Python depends on pip, strangely awkward. Moving on.
Install https://polynote.org/latest/docs/installation/ In Docker, they give me a blank page with an "edit" pencil. Huh. https://polynote.org/latest/docs/docker/ See also https://hub.docker.com/r/polynote/polynote :-) And for actual instructions, see https://github.com/polynote/polynote/tree/master/docker
cat > config.yml listen: host: 0.0.0.0 storage: dir: /opt/notebooks mounts: examples: dir: examples
Then run this; if you don't create 'notebooks', Docker will create it and it won't be writeable.
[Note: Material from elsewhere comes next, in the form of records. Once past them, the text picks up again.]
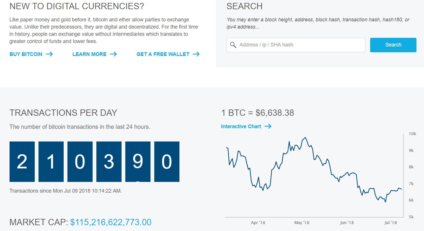 Rovněž nabízí statistiky týkající se počtu transakcí, hash rate a marketcap za posledních 24 hodin. Jako bonus umožňuje vytvořit peněženku, přičemž uživatelské prostředí, jakož i samotný proces jejího generování, jsou vskutku jednoduché, o čemž svědčí již více než 26 milionů peněženek, jež zde byly vytvořeny.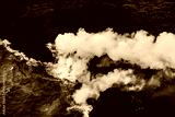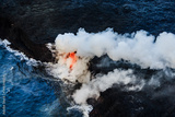 Hot lava falls into the Pacific Ocean causing explosions and gases to rise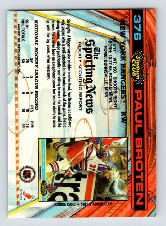 1991-92 Topps Stadium Club #376 Paul Broten NM-MT New York Rangers Hockey Card
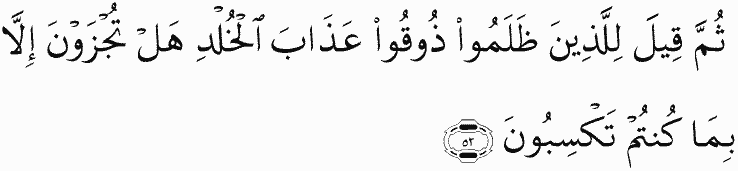 Then it will be said to those who had wronged, "Taste the punishment of eternity; are you being recompensed except for what you used to earn?"

mkdir notebooks docker run --rm -it -p 8192:8192 -p 4040-4050:4040-4050 -v `pwd`/config.yml:/opt/config/config.yml -v `pwd`/notebooks:/opt/notebooks/ polynote/polynote:latest --config /opt/config/config.yml
Then go to http://cc-testmaps:8192/
I might be able to create my own image with arcgis pre-installed in it?
I was able to download and install Miniconda interactively, which means I should be able to run it in a Dockerfile?
JupyterHub
Looks insanely complicated.
CoCalc
"On Prem" = $999 / year
The list says it's "Open Source" but look like that is no longer true.
nteract (sic)
Not even sure what this is.
Querybook
Forget this, there is no option to use Python. QueryBook is "science for dummies". Might be a great way to experiment with SQL queries.
It's friendly though. I wonder if I can tone that down: FRIENDLINESS_LEVEL=10 # Default:10 Set to an integer, 0-10
Looks like it wants a lot of memory.
git clone https://github.com/pinterest/querybook.git cd querybook make
http://cc-testmaps.clatsop.co.clatsop.or.us:10001/
Did not complete. If I can't start a service in a docker, I'm thinking it's time to move on. So unfair of me, and yet, I've already seen two candidates for this project that look promising, DeepNote and Zeppelin.
Okay okay I gave it a second try. I just want to see its web page. It's spitting out lots of warning messages but in fact it did start. I can see redis, mysql, elasticsearch, a "scheduler", a "worker", and a web server.